I have owned many brands of canisters and I can say the top two are eheim and fluval for me right now. Again this all comes down to personal preference and use. 

Eheim (classic) hasn't changed their canisters in a long time. I personally don't like eheims connections and their basket method of holding all the media together. I feel like it takes double the time to separate, clean and restock the eheim classic filters. Oh also priming it sucks...lol 
All in all I'd only get a classic if it's on sale or you're getting it cheap. 

Eheim Pro on the other hand is what all eheim filters should be. The Pro G65 has a powerful motor , amazing flow and doesn't seem to get clogged or reduce flow rate as much as I found in other filters. It's a one button push to release the intake and out take so it makes it easier to remove and clean. It's all compartments so it's easy to store and clean media. Also priming isn't too bad with the Pro. All in all I love the pros but the price isn't too wallet friendly (try and find deals)

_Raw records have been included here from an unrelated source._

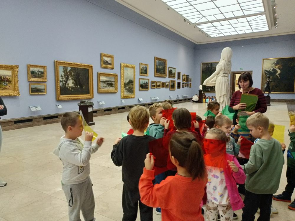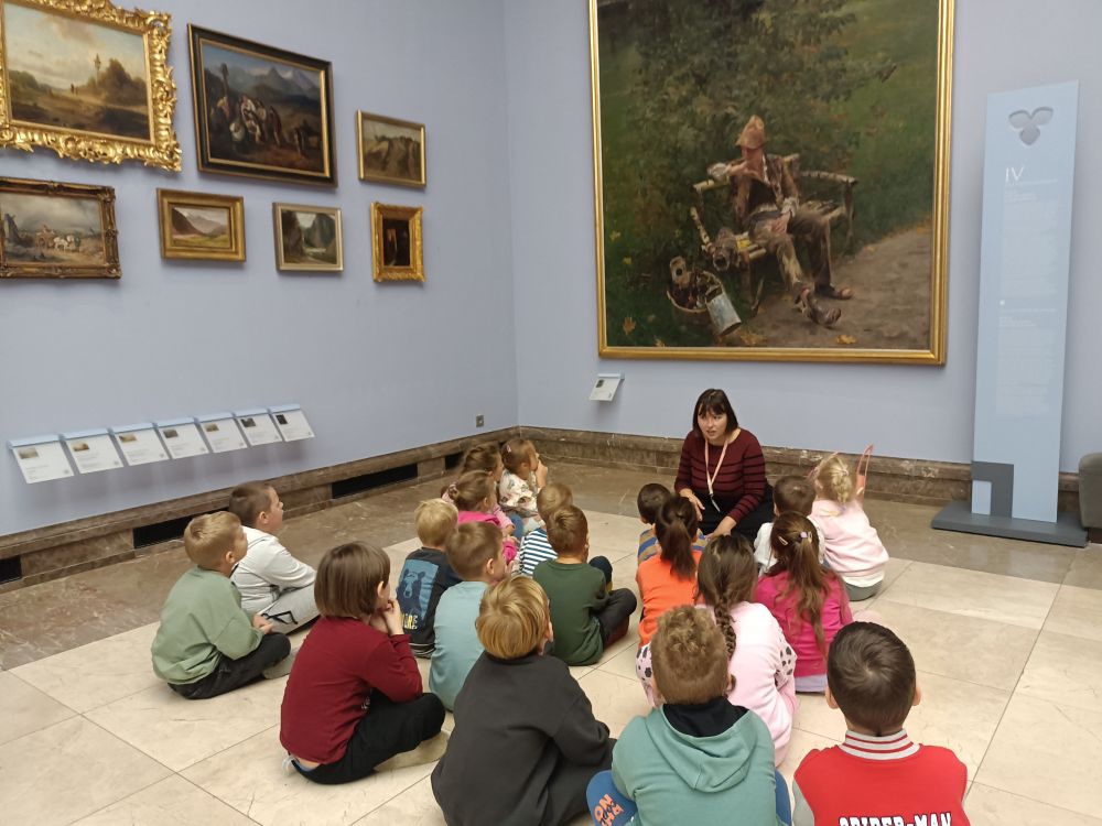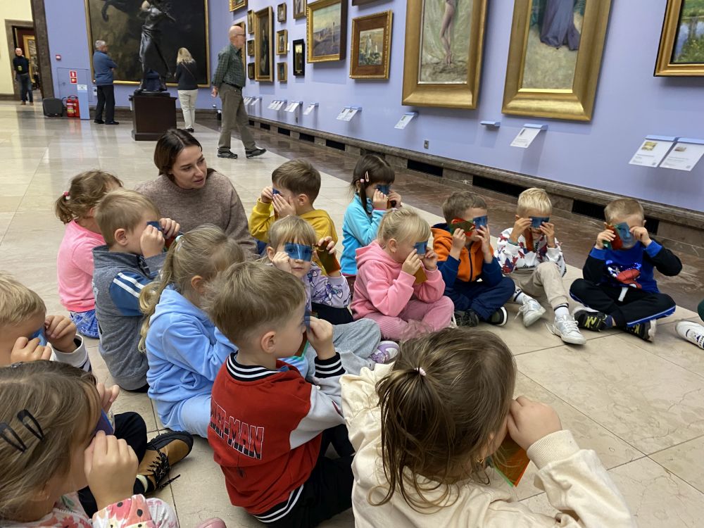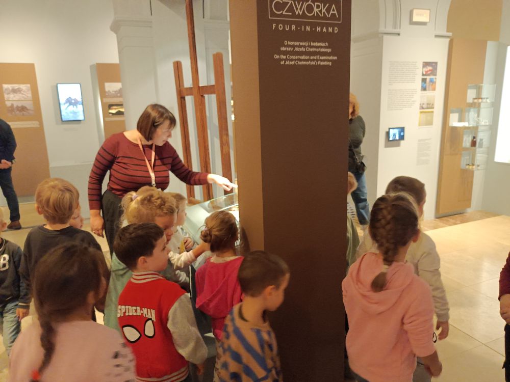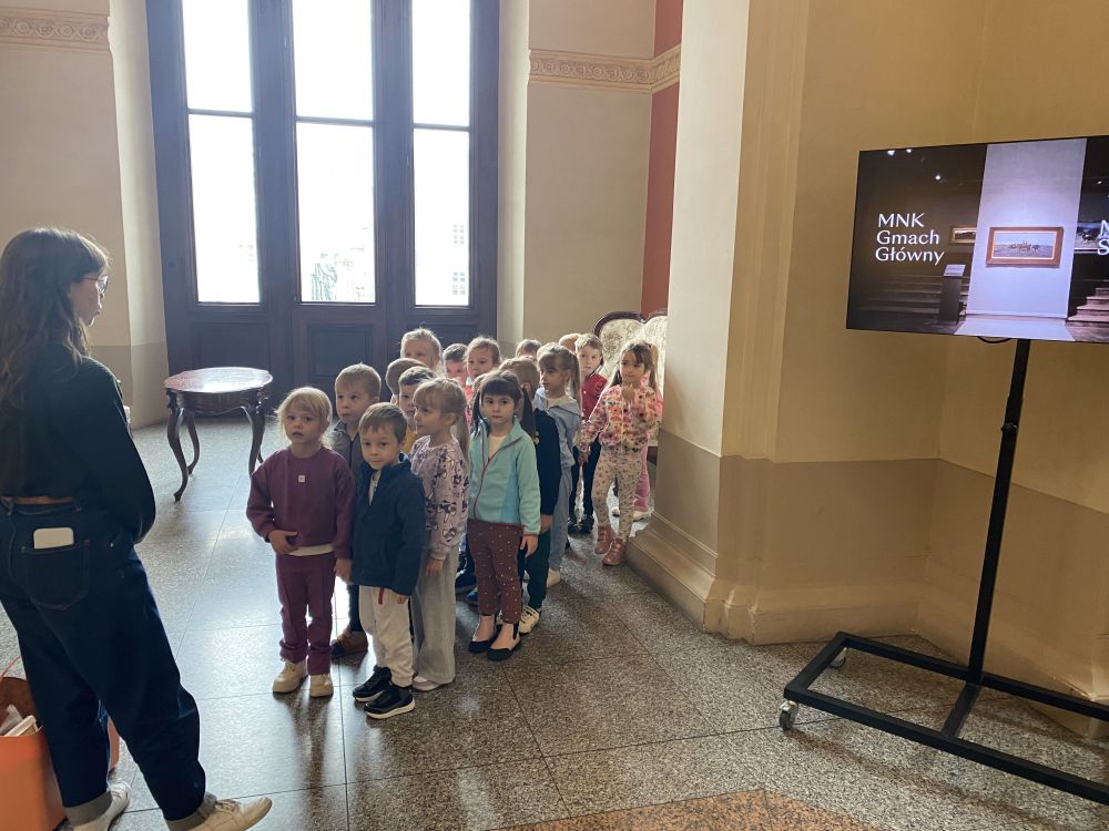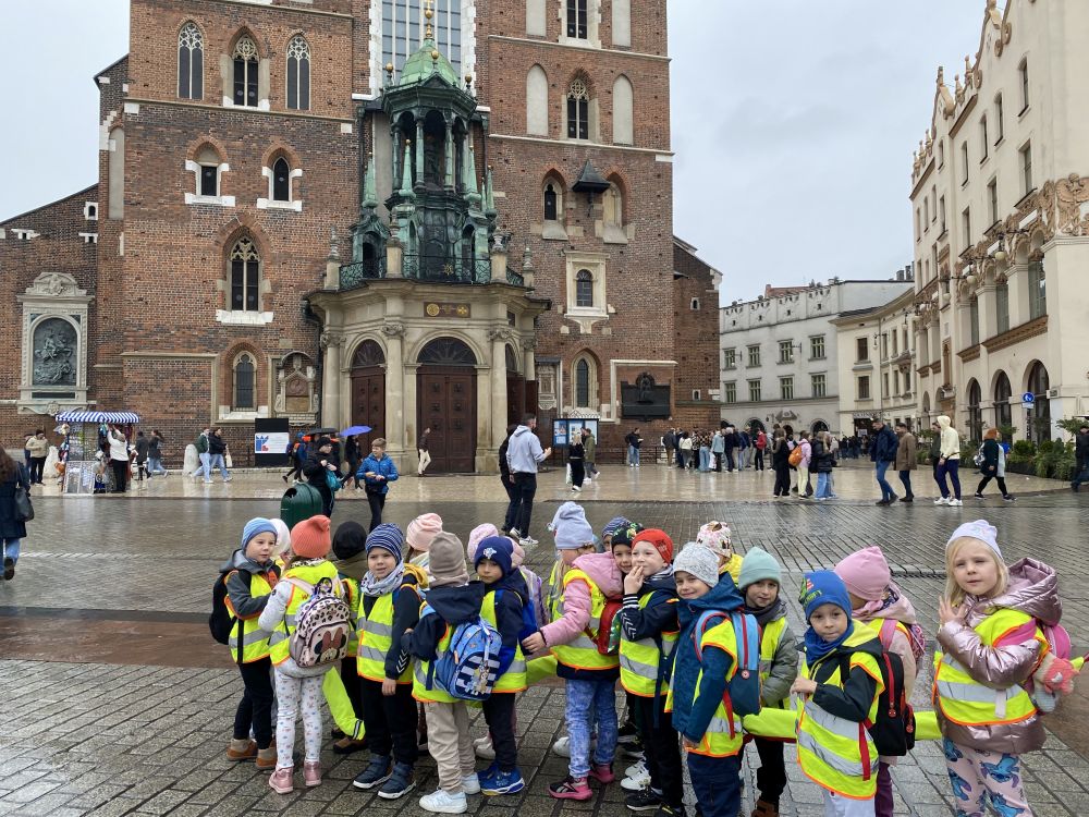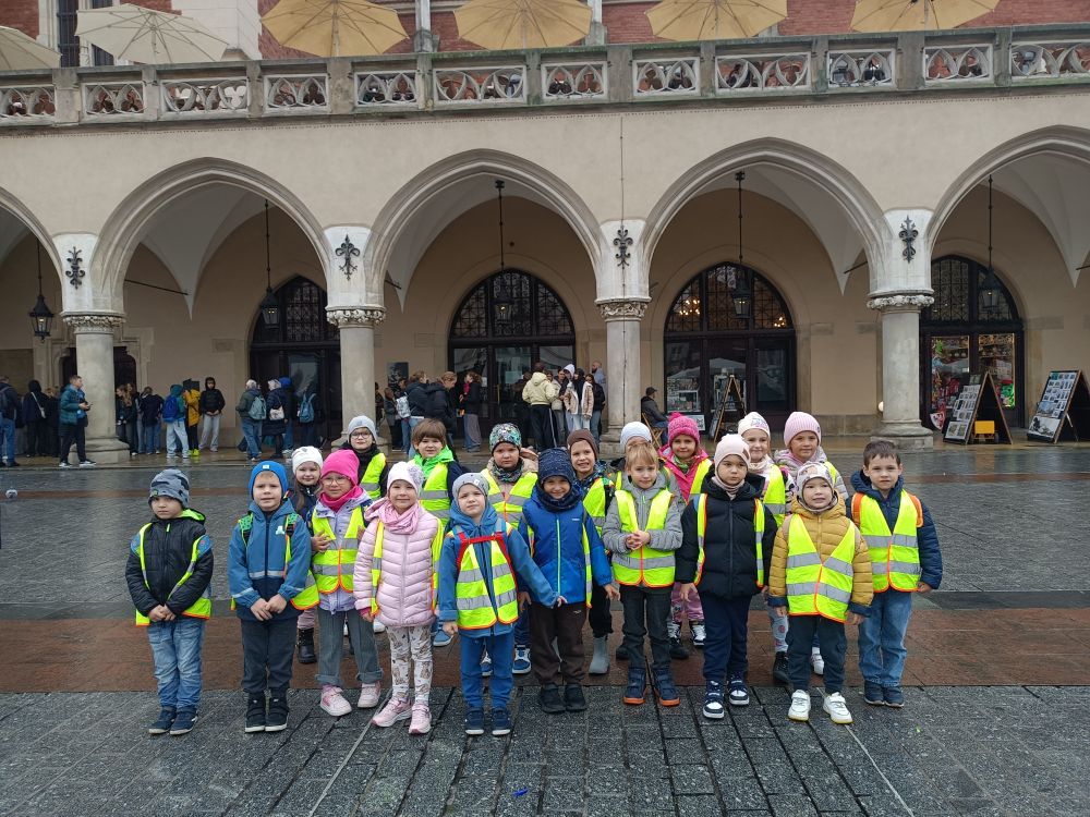 9 października przedszkolaki realizujący projekt unijny miały okazję wziąć udział w warsztatach w Galerii Sztuki Polskiej XIX wieku w Sukiennicach. Dzieci zostały zapoznane z malarstwem m.in. jednego z najwybitniejszych polskich artystów Jana Matejko. W trakcie warsztatów dowiedziały się jak powstaje obraz, jaka jest historia powstania farb olejnych, co jest potrzebne do tego żeby farba była trwała. Wykorzystując kolorowe transparentne nakładki przedszkolaki próbowały manipulować odbiorem obrazu. Na koniec dzieci wzięły udział w wykonaniu pracy plastycznej „Pory roku”. Podczas pobytu w Krakowie udało się zwiedzić rynek, Sukiennice, posłuchać hejnału z wieży Kościoła Mariackiego oraz przejść bramą Floriańską.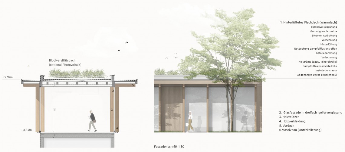 Auf dem Dach entsteht ein extensives Biodiversitäts-Gründach mit Retentionselementen, variierenden Substrathöhen, Grobkiesbereichen und Insektenhabitaten, dass die ökologische Qualität des Gebäudes steigert. Die Regenwassersysteme von Bestand und Neubau werden gekoppelt; überschüssiges Regenwasser wird in einer zentralen Zisterne gesammelt und zur Bewässerung der Gartenflächen genutzt. Das Gesamtkonzept schafft damit eine nachhaltige, funktionale und atmosphärisch starke Ergänzung zum Botanischen Garten Linz.
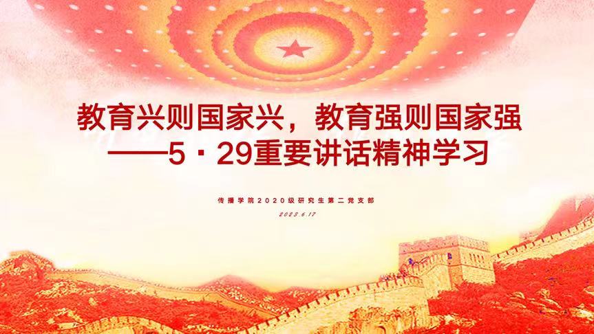 2023年6月17日下午,为深入贯彻5·29重要讲话精神,yl23411永利集团2020级硕士研究生第二党支部举行“教育兴则国家兴,教育强则国家强”主题党日活动,集体学习习近平总书记重要讲话,明晰中国特色社会主义教育发展道路。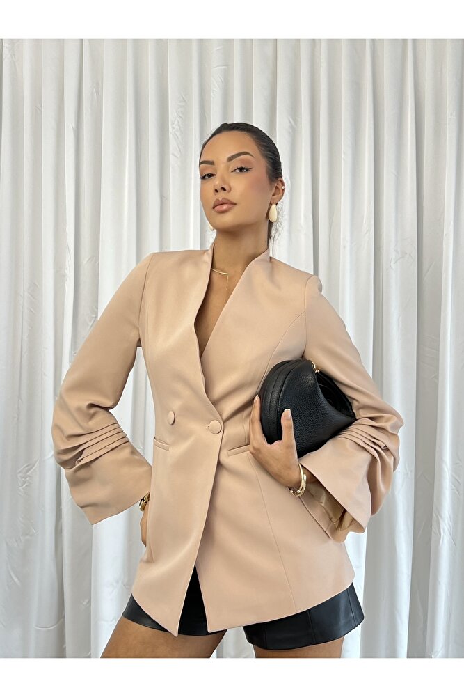 Kolu Büzgü Detaylı Astarlı Kadın Orta Boy Günlük Özel Gün Blazer Ceket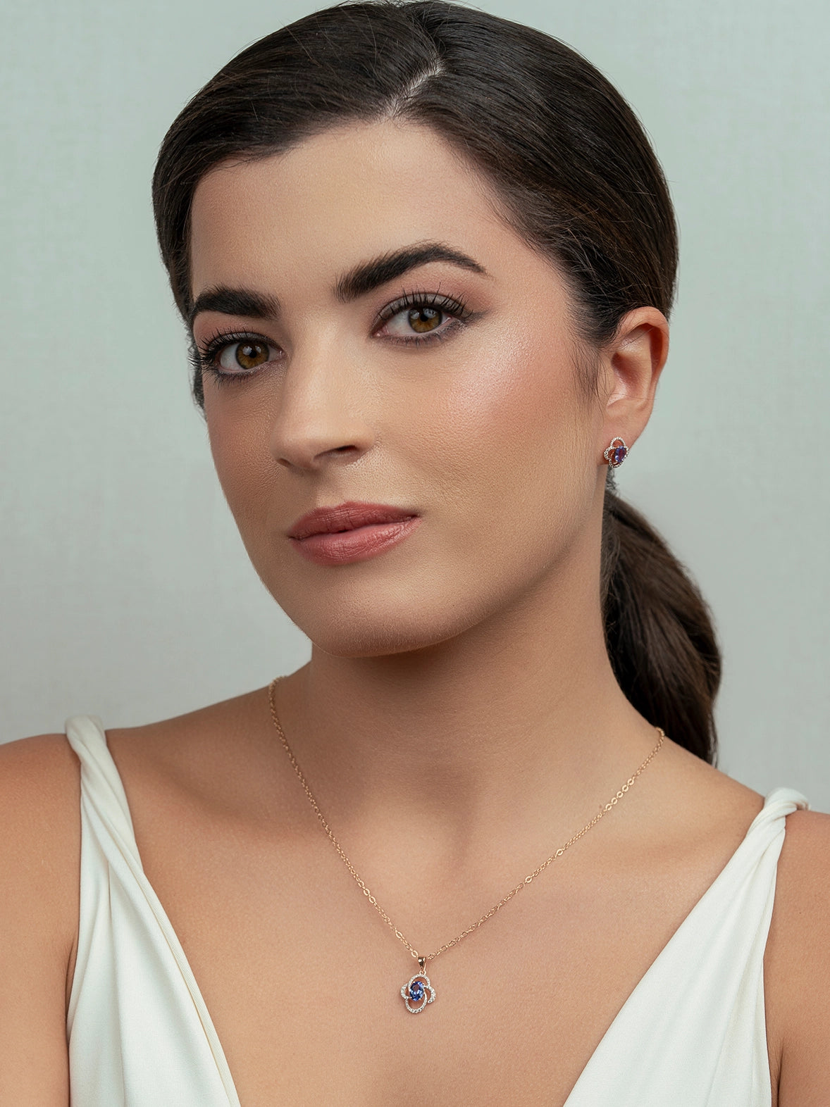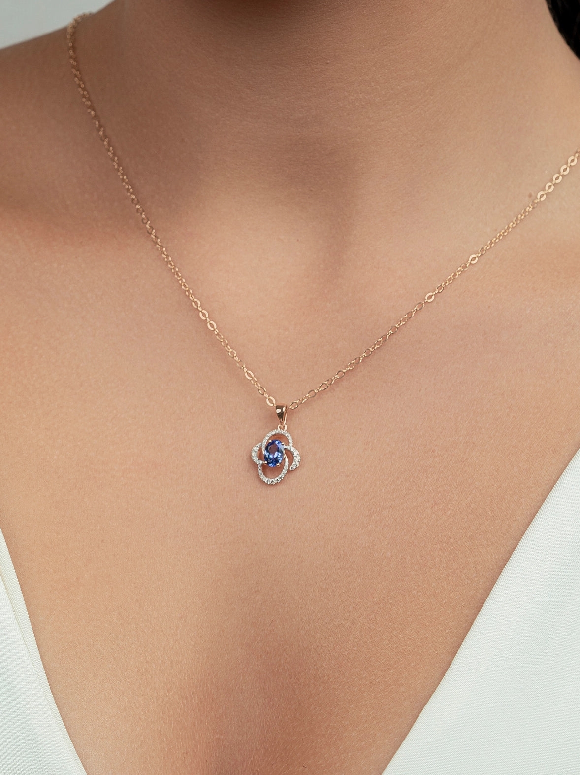 تتميز هذه القلادة الأنيقة بحجر تنزانيت بيضاوي الشكل نابض بالحياة في المنتصف، محاط بإطار زهري رقيق مرصع بألماس براق. ...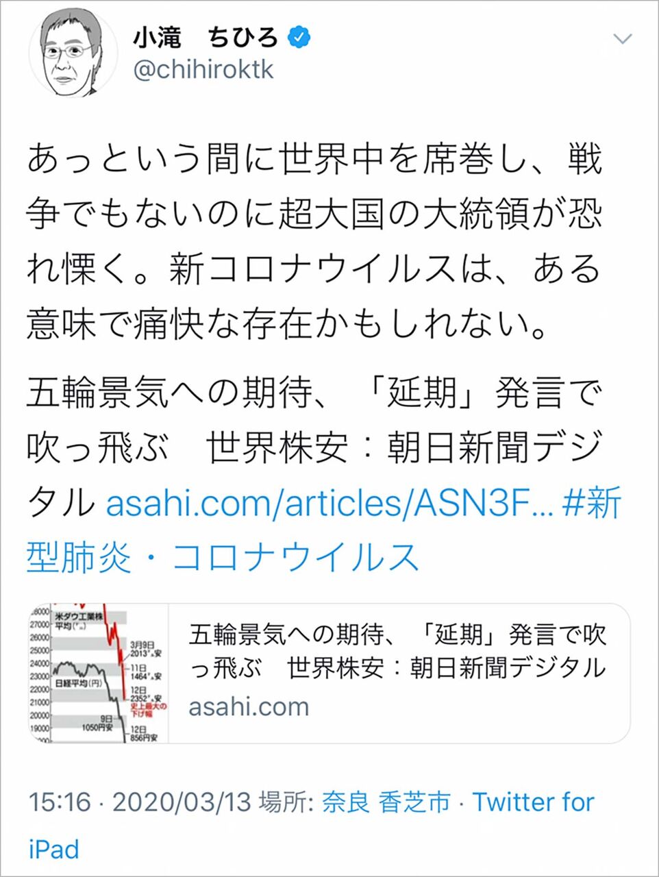 小滝ちひろ氏は2020年3月13日に自身の公式Twitterに「新コロナウイルスはある意味で痛快な存在」との内容で書き込みし、その直後から怒りの声が寄せられていた。
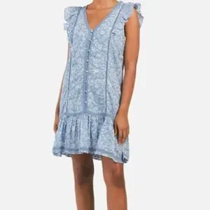 Lucky Brand Lace Trim Ruffle Shoulder Flounce Floral Mini Dress, Light Blue and White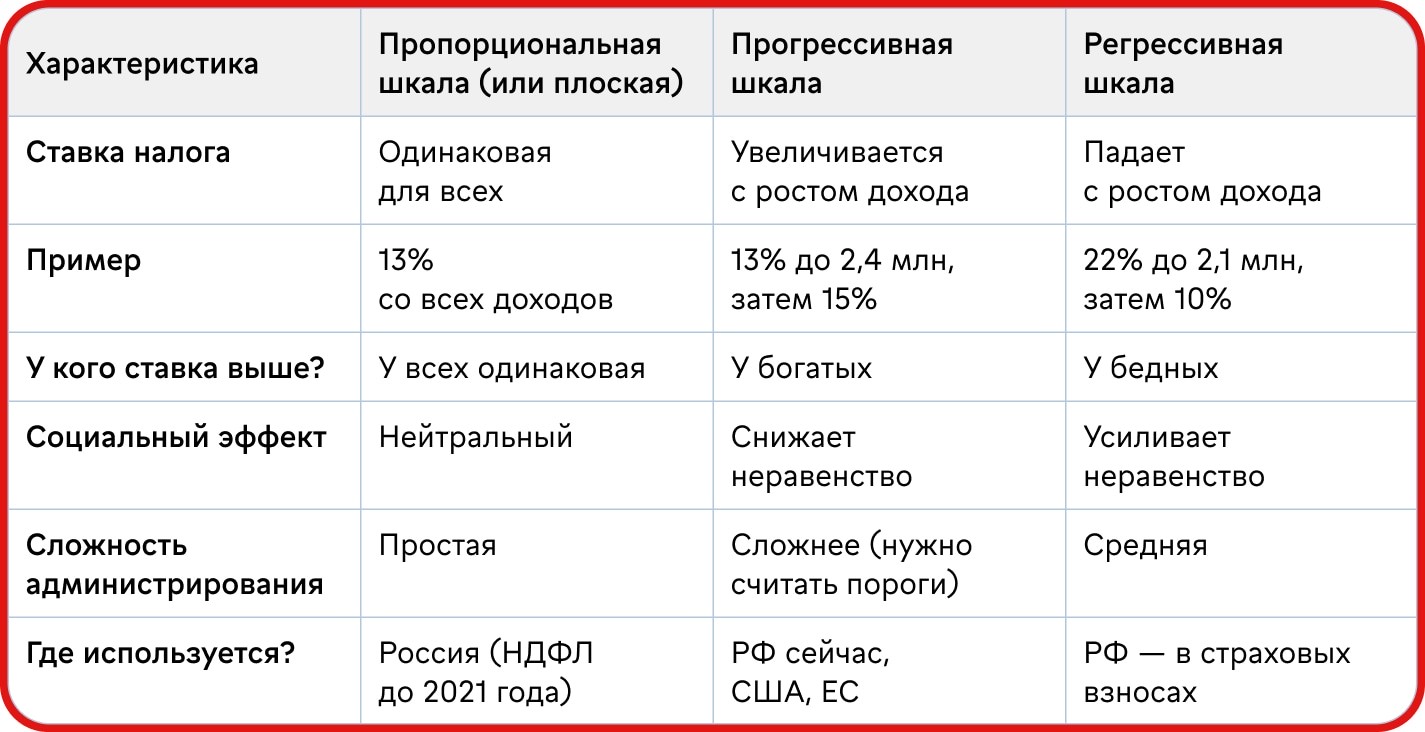 Для наглядности сравним три шкалы налогообложения в таблице: пропорциональную (почти то же самое, что плоская), прогрессивную и регрессивную ↓
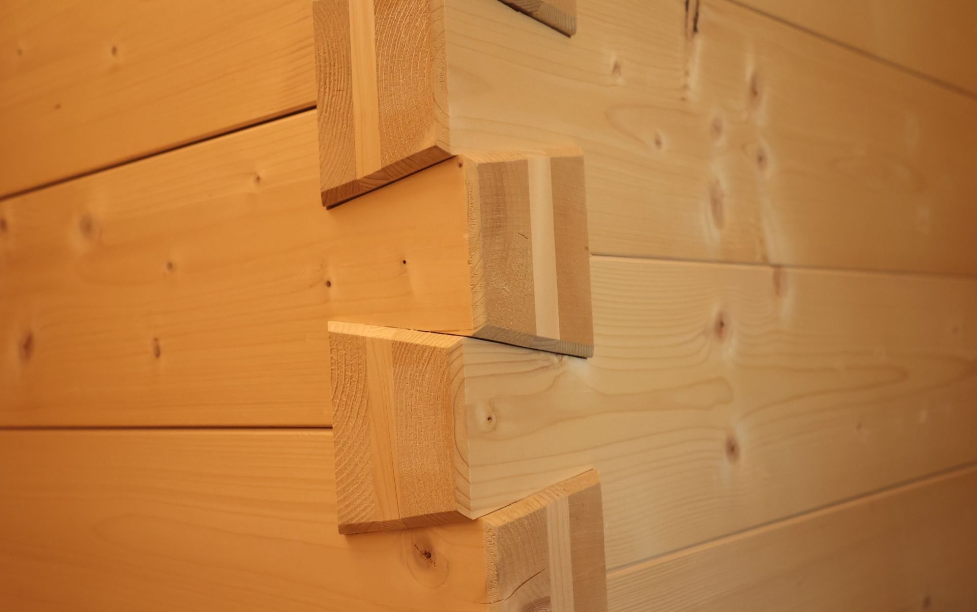 Erdgeschoss Riegelhaus und Obergeschoss Blockhaus - Wandverbindung Tiroler Schloss

Fluval - Fluval has stepped up big in the past few years by putting out an all around great canister filter. I own a couple and I can say that they're awesome, great flow rate, has multiple media baskets for easy change, also super easy to clean and remove. Only issue I find is that the quality of motors (mechanical) isn't as smooth operating as my eheims. But when you're paying half the price.... i can accept that lol
All in all fluvals are super user friendly and have an amazing flow rate. The trick to fluvals is getting them on black Friday or boxing day at petsmart. They're half price.
(If I were you'd I'd get a 406 on boxing day at petsmart, gonna be your best bang per buck and you'll be super happy)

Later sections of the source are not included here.